Restate word for word the lines from the one bearing "경기도의 1인가구 수는" through the end of the entries below, and leave every picture out.

> AVAILABLE DATA
________________________________________

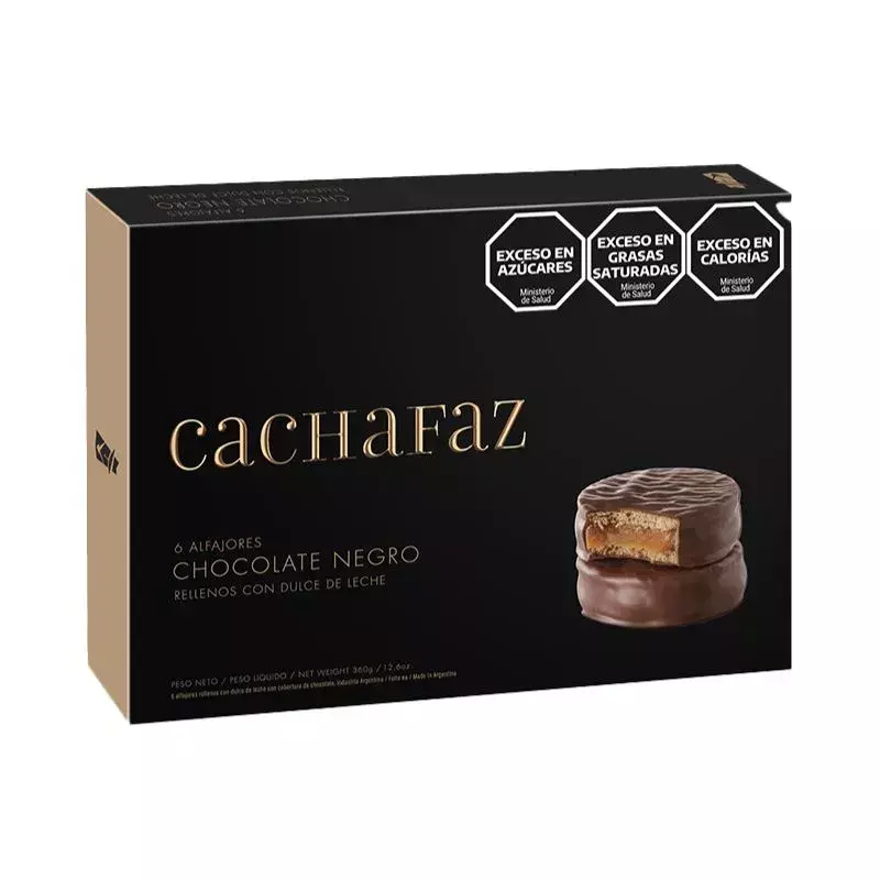 - Caja con 360 gramos de alfajores Cachafaz en su versión negra
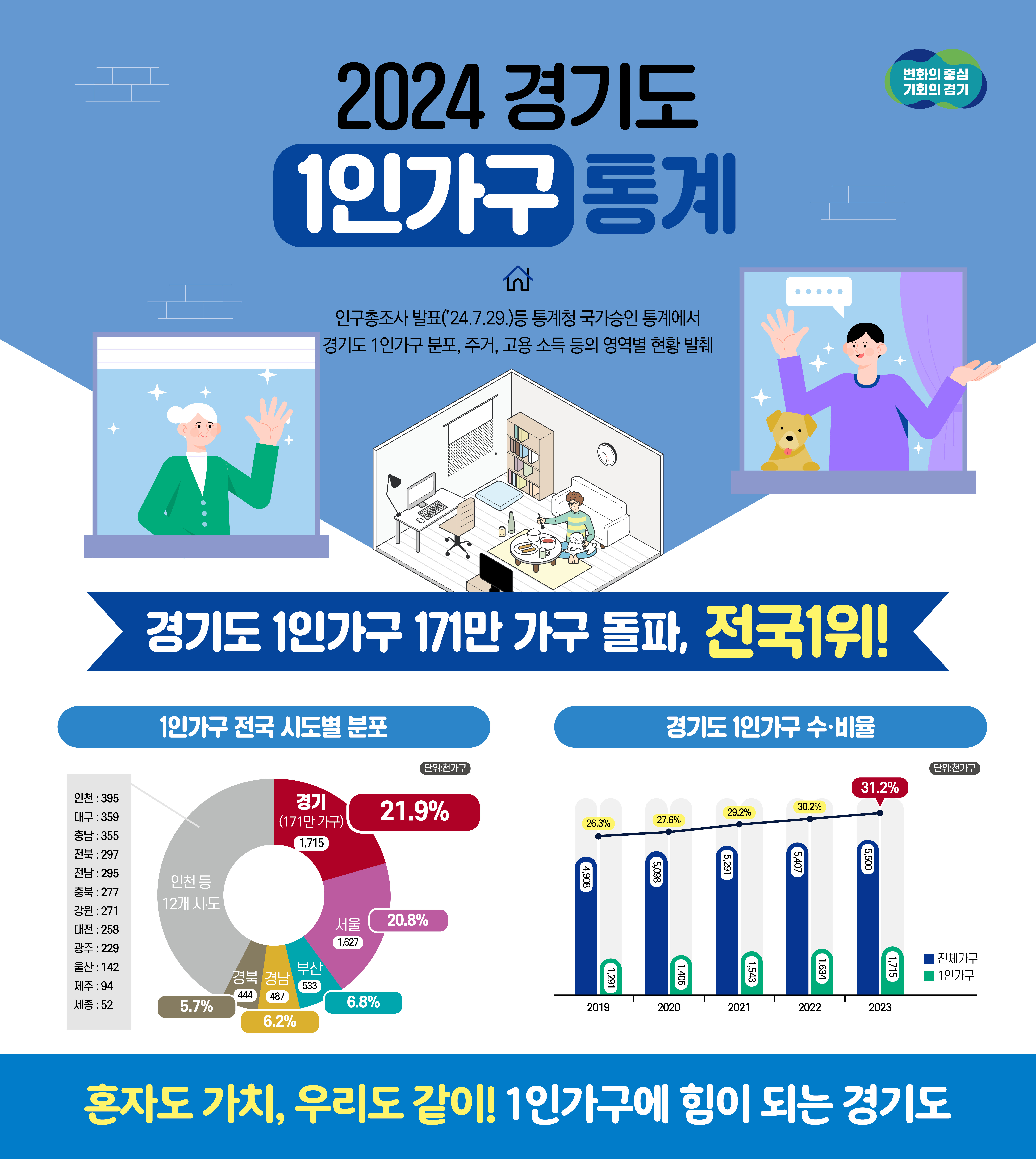 경기도의 1인가구 수는 전년(163만) 대비 약 8만 가구가 증가한 171만5천 가구로 집계됐으며, 이는 도 전체 가구(550만) 중 31.2%를 차지한다. 경기도의 1인가구 수와 비중은 매년 증가세를 보이고 있으며 전국 1인가구의 21.9%가 경기도에 거주하는 것으로 조사됐다. 1인가구 수는 2020년부터 서울시를 넘어서 매년 전국 1위를 기록하고 있다.
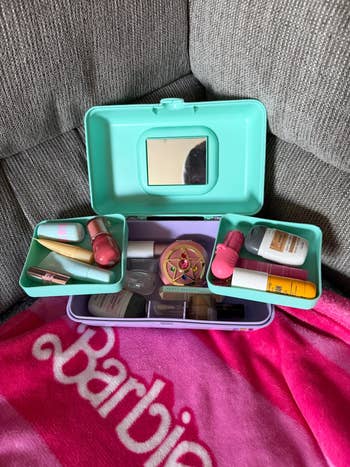 "I have a slight obsession with trying new lip balms and lip oils, and my collection was basically scattered all over my apartment. In an effort to round them up, I thought a mini Caboodle would be the perfect place to store them — and I was right! I used to steal my sister's original full-size case back in the day, so reaching for this always puts a smile on my face. Unlike a cosmetic pouch, this allows you to see everything easily, so there's no worry of anything getting lost and forgotten at the bottom of the pile. Plus, it's surprisingly spacious! The bottom portion is perfect for longer tubes, while the two top drawers are great for chunkier lip oils and glosses. It makes my '90s baby heart happy and organized." —Daniel Boan
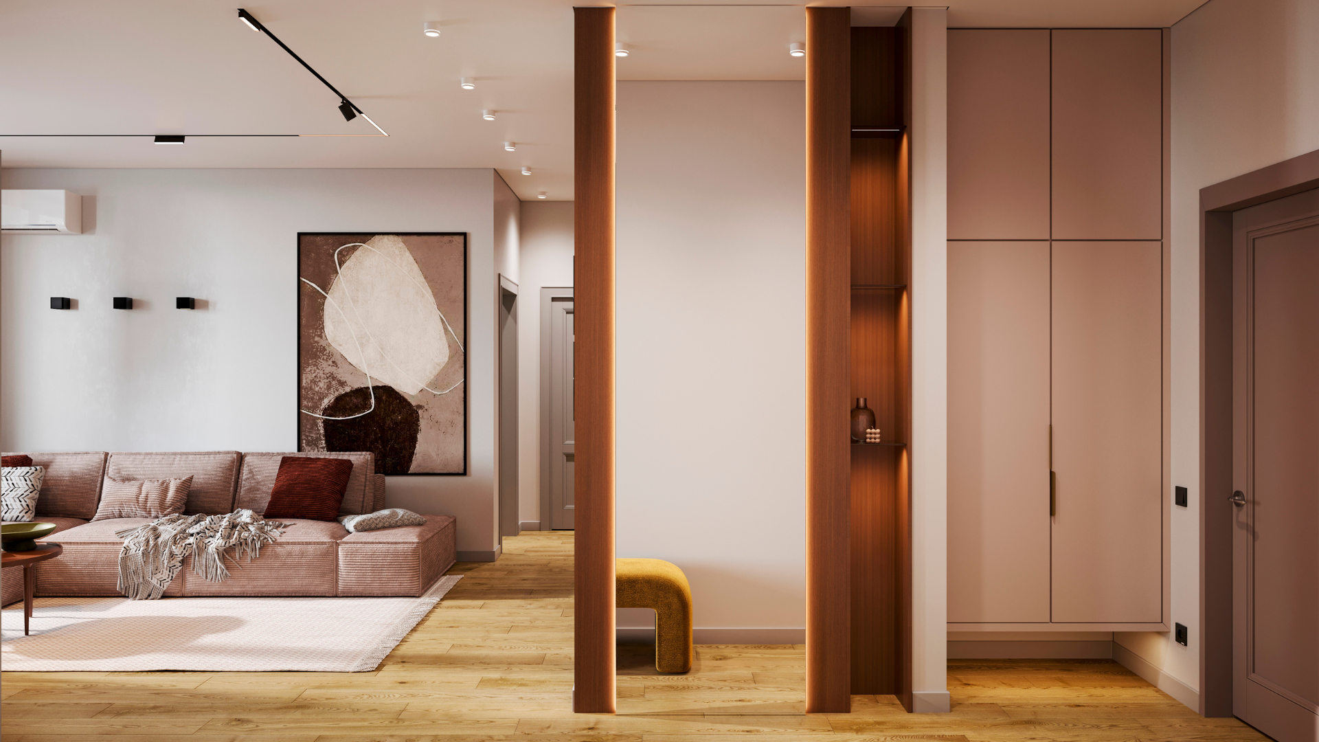 Наконец, мы позаботились о приватности внутри самой квартиры. Планировочные решения реализованы на базе систем сухого строительства Knauf. Вместо гулких перегородок мы используем каркасную систему с заполнением акустической минеральной ватой и — что принципиально важно — двойной обшивкой влагостойкими листами, по 12,5 мм с каждой стороны. Этот инженерный «сэндвич» работает по принципу «масса-пружина-масса», эффективно поглощая звуки в речевом диапазоне.
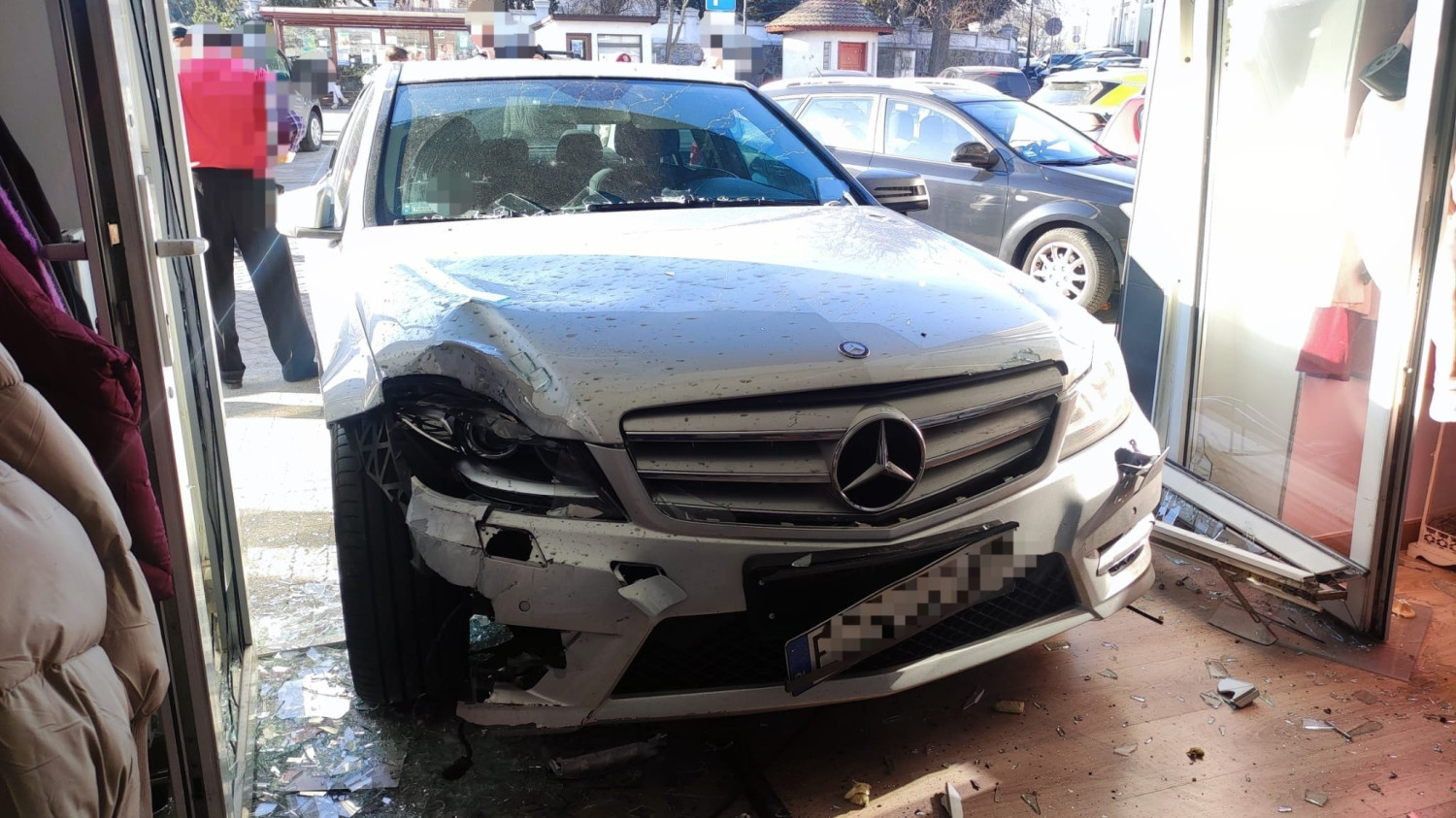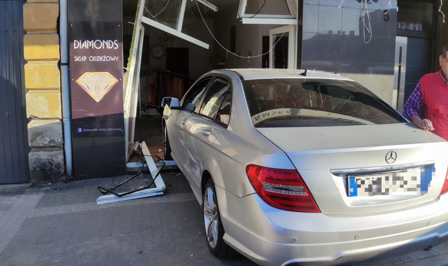 Kierująca Mercedesem wjechała w witrynę sklepu odzieżowego przy ulicy Stary Rynek w Witkowie i zatrzymała się wewnątrz lokalu.
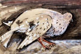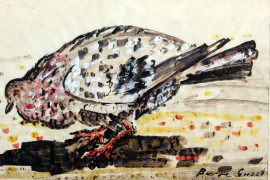 Coppia di acquarelli su carta raffiguranti volatili, cm 27x24, entro cornice
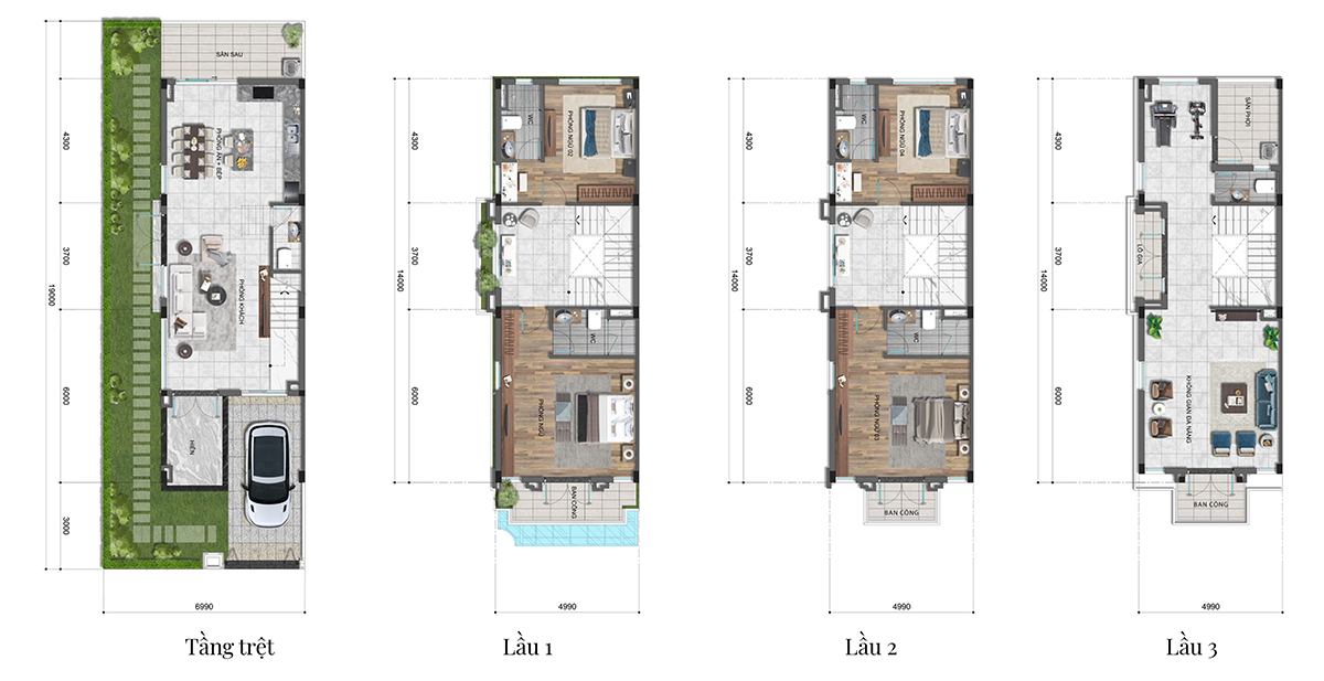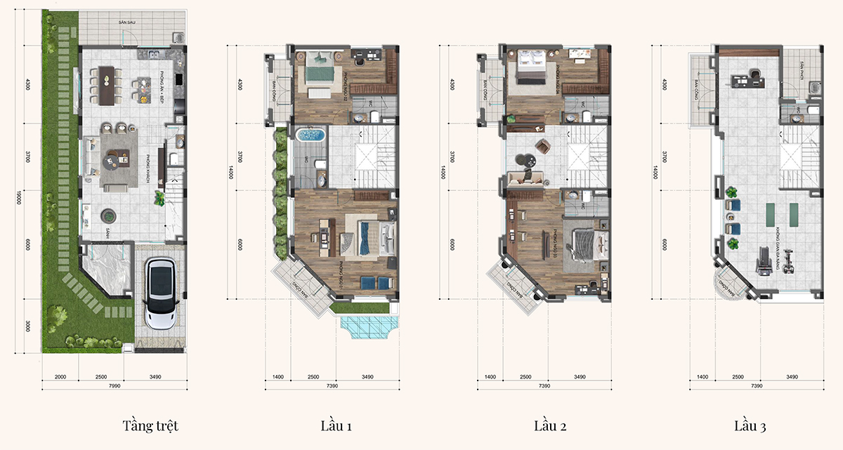 • Diện tích trung bình: 153 – 528m2

________________________________________

> EXERCISE RESPONSE
 경기도의 1인가구 수는 전년(163만) 대비 약 8만 가구가 증가한 171만5천 가구로 집계됐으며, 이는 도 전체 가구(550만) 중 31.2%를 차지한다. 경기도의 1인가구 수와 비중은 매년 증가세를 보이고 있으며 전국 1인가구의 21.9%가 경기도에 거주하는 것으로 조사됐다. 1인가구 수는 2020년부터 서울시를 넘어서 매년 전국 1위를 기록하고 있다.
 "I have a slight obsession with trying new lip balms and lip oils, and my collection was basically scattered all over my apartment. In an effort to round them up, I thought a mini Caboodle would be the perfect place to store them — and I was right! I used to steal my sister's original full-size case back in the day, so reaching for this always puts a smile on my face. Unlike a cosmetic pouch, this allows you to see everything easily, so there's no worry of anything getting lost and forgotten at the bottom of the pile. Plus, it's surprisingly spacious! The bottom portion is perfect for longer tubes, while the two top drawers are great for chunkier lip oils and glosses. It makes my '90s baby heart happy and organized." —Daniel Boan
 Наконец, мы позаботились о приватности внутри самой квартиры. Планировочные решения реализованы на базе систем сухого строительства Knauf. Вместо гулких перегородок мы используем каркасную систему с заполнением акустической минеральной ватой и — что принципиально важно — двойной обшивкой влагостойкими листами, по 12,5 мм с каждой стороны. Этот инженерный «сэндвич» работает по принципу «масса-пружина-масса», эффективно поглощая звуки в речевом диапазоне.
 Kierująca Mercedesem wjechała w witrynę sklepu odzieżowego przy ulicy Stary Rynek w Witkowie i zatrzymała się wewnątrz lokalu.
 Coppia di acquarelli su carta raffiguranti volatili, cm 27x24, entro cornice
 • Diện tích trung bình: 153 – 528m2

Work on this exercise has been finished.